At the foot of the rocks from which spring the ruins of Castle Penede, the steep and ancient road of Santa Lucia leads down from Nago to Torbole. In 1439, it was along this very road that the twenty five ships and six Venetian galleys were transported after they came up the Adige, through Lake Loppio and across the San Giuseppe Pass. Carried down to the lake in this fashion, they took part in the surprise attack against the fleet of Filippo Maria Visconti. This Herculean task of transporting boats across the mountains, perhaps unique in history, was described by Pier Candido Decembrio from Vigevano, who made mention of the castle, writing: «In the wide mouth of the Sarca River where it enters Lake Garda/Lake Benaco, on the left there was a small residence, which the inhabitants called Torbole. On the highest mountain, there was a castle called Penetra (sic). With the Venetians in this place, there were hauled up the Adige from Verona twenty-five galleys and boats, which were then transported by oxen for seventy thousand steps up the mountains. These boats were lowered down to the Lake, and such was their weight that they broke the ancient olive trees around which were wound the ropes, and some boats fell down the mountain.»

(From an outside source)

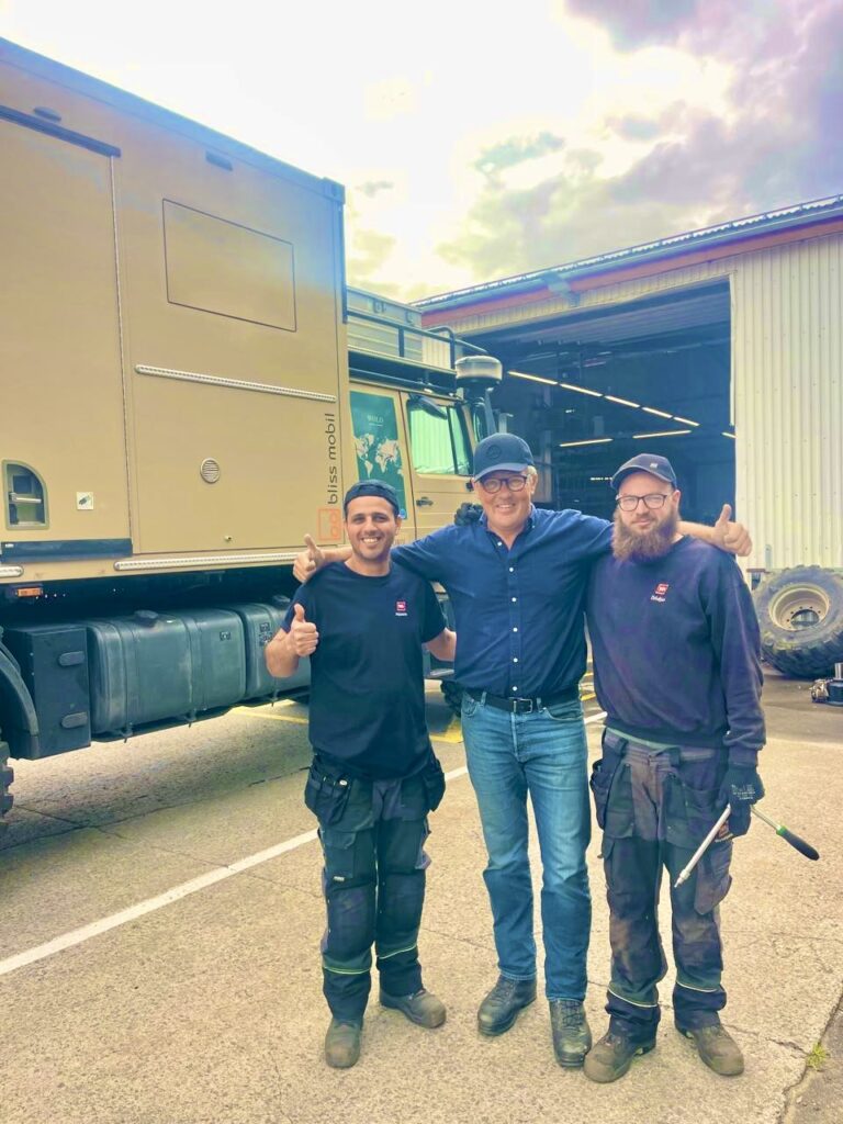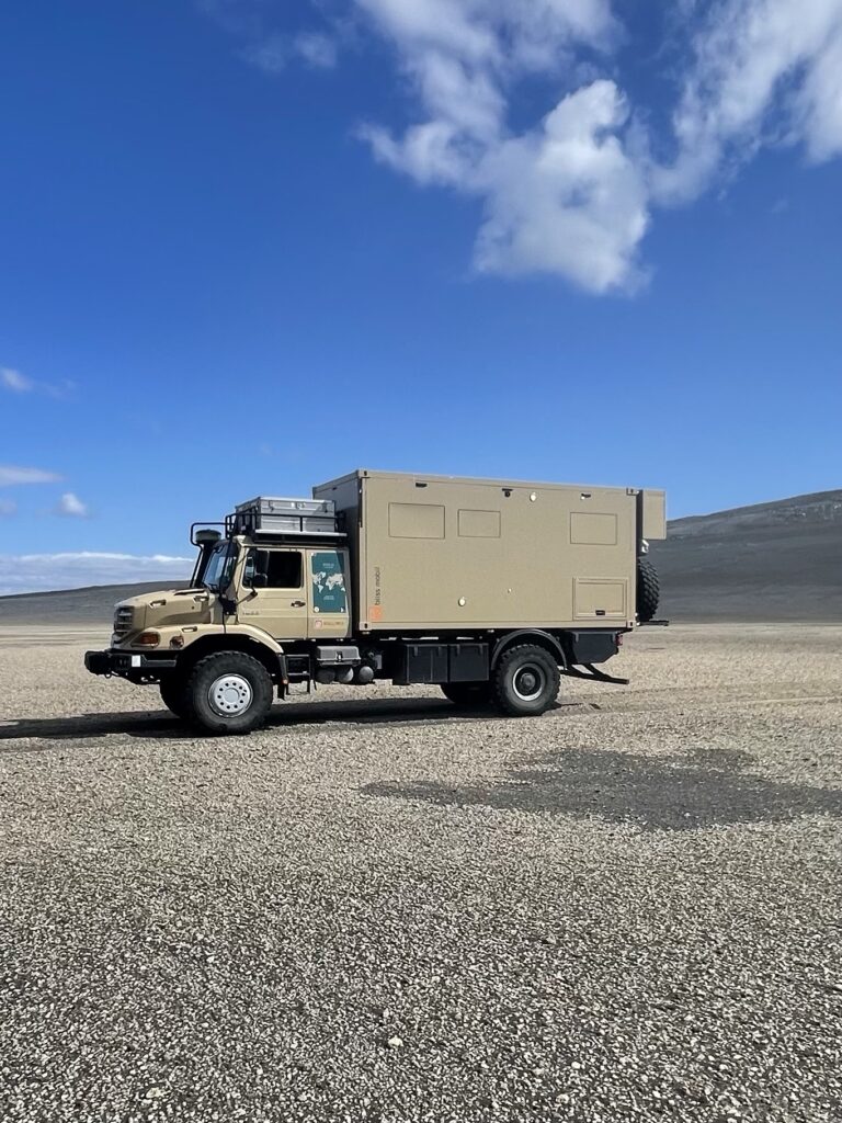 Jon was not finished helping us! He asked if we had a place to camp that night, since he owns a big plot of land with a forest, where he has his caravan parked and where he plans to build his new house. So we drove to this spot and it was excellent. We parked the truck and had some coffee inside. Jon – as a pilot – is close to his retirement. And from the beginning I was wondering why he was so interested in the details of our truck. Visiting his son’s workshop, he actually showed me the reason. A big brand new 6×6 Scania truck, with a “naked” chassis was parked in the large workshop. He has plans to build his own camper truck! He even visited the Bliss booth during a camper show in Germany, so he was fully aware of the existence of our kind of camper trucks.

In the eighteen hundreds, when numerous foreigners from beyond the alps started to come down to the Upper Lake Garda area for their holidays, various tourist guides recommended walking itineraries with climbs up to the ruins, for example, the guide by Dr Kuntze, entitled «Arco und seine Umgebung» or «Arco and its surroundings». The Saxon doctor wrote in 1898: «Upon arriving in Nago, a climb to the ruins of Castle Penede must not be missed. From the shelf on which the Castle stands, the panorama takes in all of the Arco valley, Lake Loppio, Lake Garda and the mountains which surround it. If possible, the view is even more majestic than when seen from the road.»
A recommendation which still holds true today, and which we heartily endorse.